Another fine prospect is Ben Cliff, a 19-year-old pace bowler who was making his first-team debut along with Harry Sullivan, also 19, a left-arm spinner.
As Northants were dismissed for 320, Cliff struck with the fourth ball of the innings and of his Yorkshire career when Ricardo Vasconcelos got a leading edge to Dom Bess at mid-on.
Tall and strong, the right-armer Cliff has something about him - as does Sullivan, who was similarly pleased to take his first wicket for the club when Rob Keogh lofted to Bess at long-off.
It was a key scalp, Keogh’s departure for 59 leaving Northants 237-5 in the 34th over, and a second one followed when Sullivan bowled James Sales as he tried to hit through the offside.
After Northants chose to bowl beneath initially overcast skies, Fraine dominated the opening exchanges. Tall and lean, a batsman who combines butchery and elegance, the right-hander drove forcibly, pulled savagely and showed his silkiness in the shape of late-cuts that fair sped across the turf.
When he gave full rein to his primaeval strength, Fraine rained sixes on to the white marquee, into the tennis courts, over the pavilion and even towards the press box balcony, which almost prevented this match report from being compiled and due praise conferred on its swashbuckling hero.
On days such as these, when he looks in full control of himself and his game, Fraine is a great asset for Yorkshire, a player with the potential to develop further in all forms of the game.
Ditto Duke, who had 38 to his name when Fraine reached his century from 85 balls.

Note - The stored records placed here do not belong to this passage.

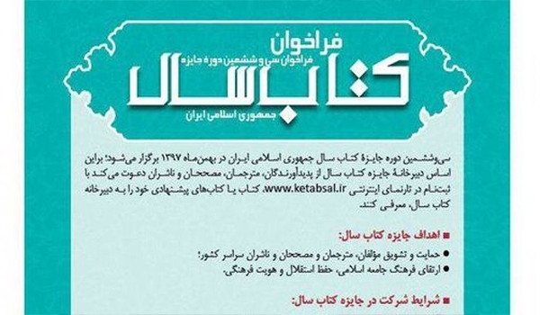 دبیرخانه جایزه کتاب سال از پدیدآورندگان، مترجمان، مصححان و ناشران دعوت کرده با ثبتنام در تارنمای اینترنتی www.ketabsal.ir، کتاب یا کتابهای پیشنهادی خود را به دبیرخانه کتاب سال معرفی کنند.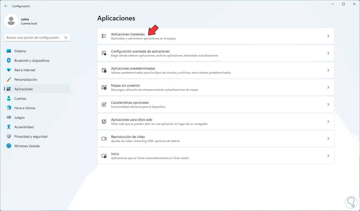 En este caso iremos a "Inicio - Configuración - Aplicaciones - Aplicaciones instaladas":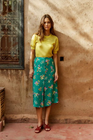Jupe midi taille haute à tissu fleuri "Odélia" de Petite Mendigote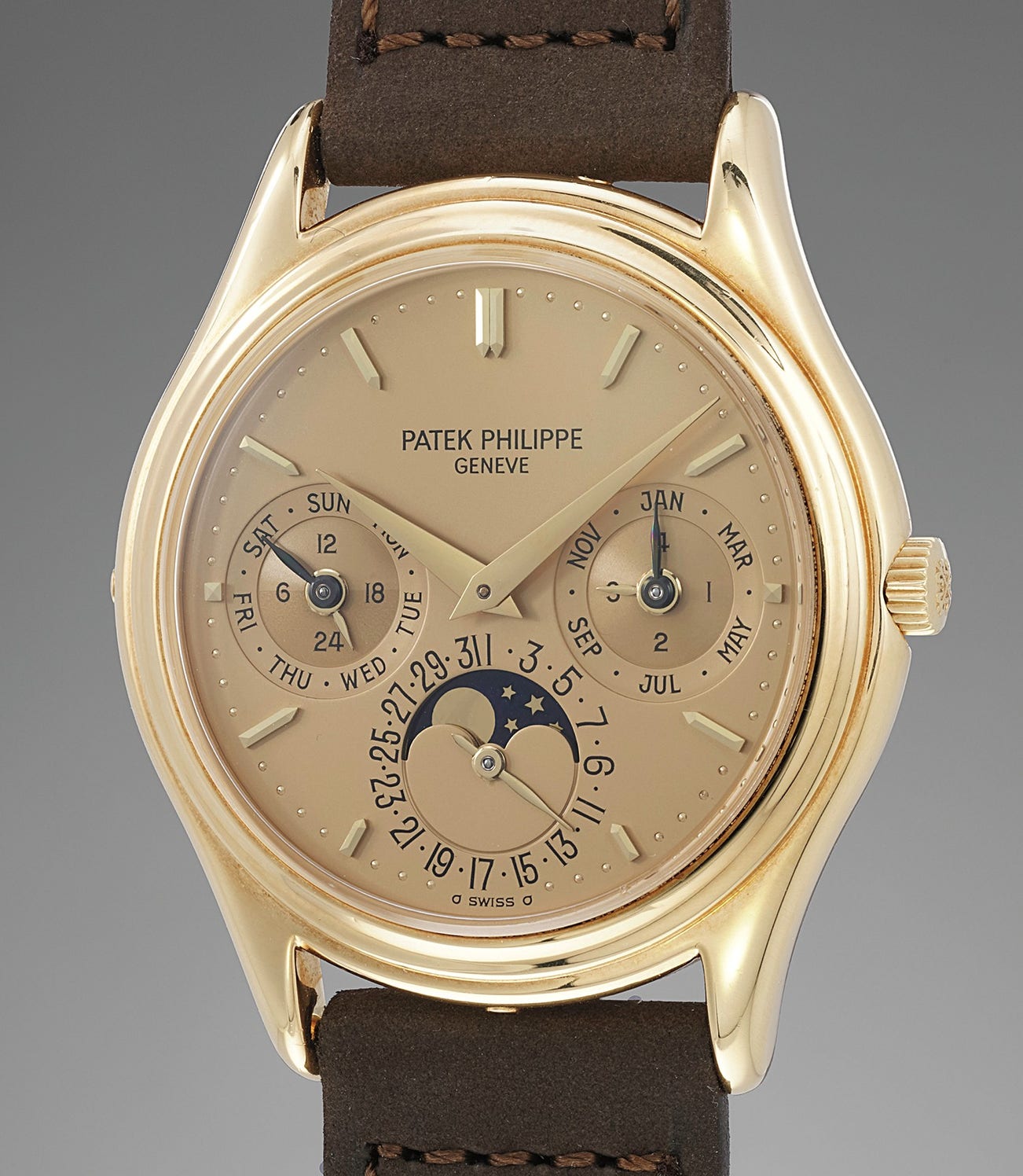 An exceedingly rare and incredibly attractive yellow gold perpetual calendar wristwatch with champagne dial and moonphases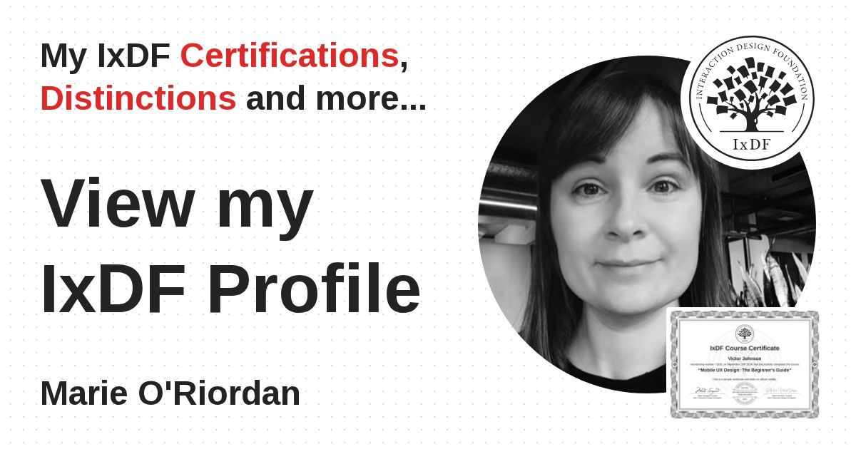 IxDF Course Certificates are awarded to Marie O'Riordan in formal recognition of their coursework surpassing the rigorous benchmarks of exceptional performance established by the IxDF Educational Codex.
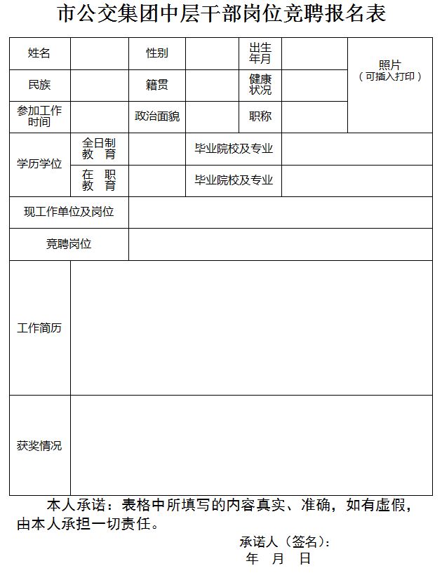 2.報名方式為現(xiàn)場、網(wǎng)上兩種方式。可登陸荊門市公共交通集團(tuán)有限公司網(wǎng)站,下載《市公交集團(tuán)中層干部崗位競聘報名表》并填寫,

Duke played something of a backseat role before going into the main driver’s chair, a player with more scoops in his armoury than the ice-cream van located on the ground.
After Fraine slashed to backward-point and departed to the strains of a standing ovation, Duke proceeded to his hundred from 97 balls and Luxton to his half-century from 35 deliveries, the pair adding 134 inside 15 overs to lead Yorkshire towards their imposing total.
Luxton holed out to long-off and Duke was caught behind trying to scoop, then Bess was bowled and Matthew Revis run-out in the final over.
Following Cliff’s early breakthrough in the Northants reply, Ben Coad had Emilio Gay steering to Fraine at slip.
Will Young, the New Zealand batsman, and Saif Zaib added 82 inside 13 overs before Zaib’s eyes lit up at a delivery from Bess, to which he came down the pitch, missed and was smartly stumped by Jonny Tattersall, the new Yorkshire captain.
Young went on to the top score of 91 from 64 balls with 12 fours and two sixes before pulling Coad to Sullivan at mid-on.
After Sullivan’s double strike, Bess had Tom Taylor caught-and-bowled and Buck caught at deep-square leg by Fraine.
Lewis McManus threatened a heist with a fine 82 from 63 balls with five fours and four sixes, but Tom Loten trapped him leg-before and then had Jack White pulling to mid-on.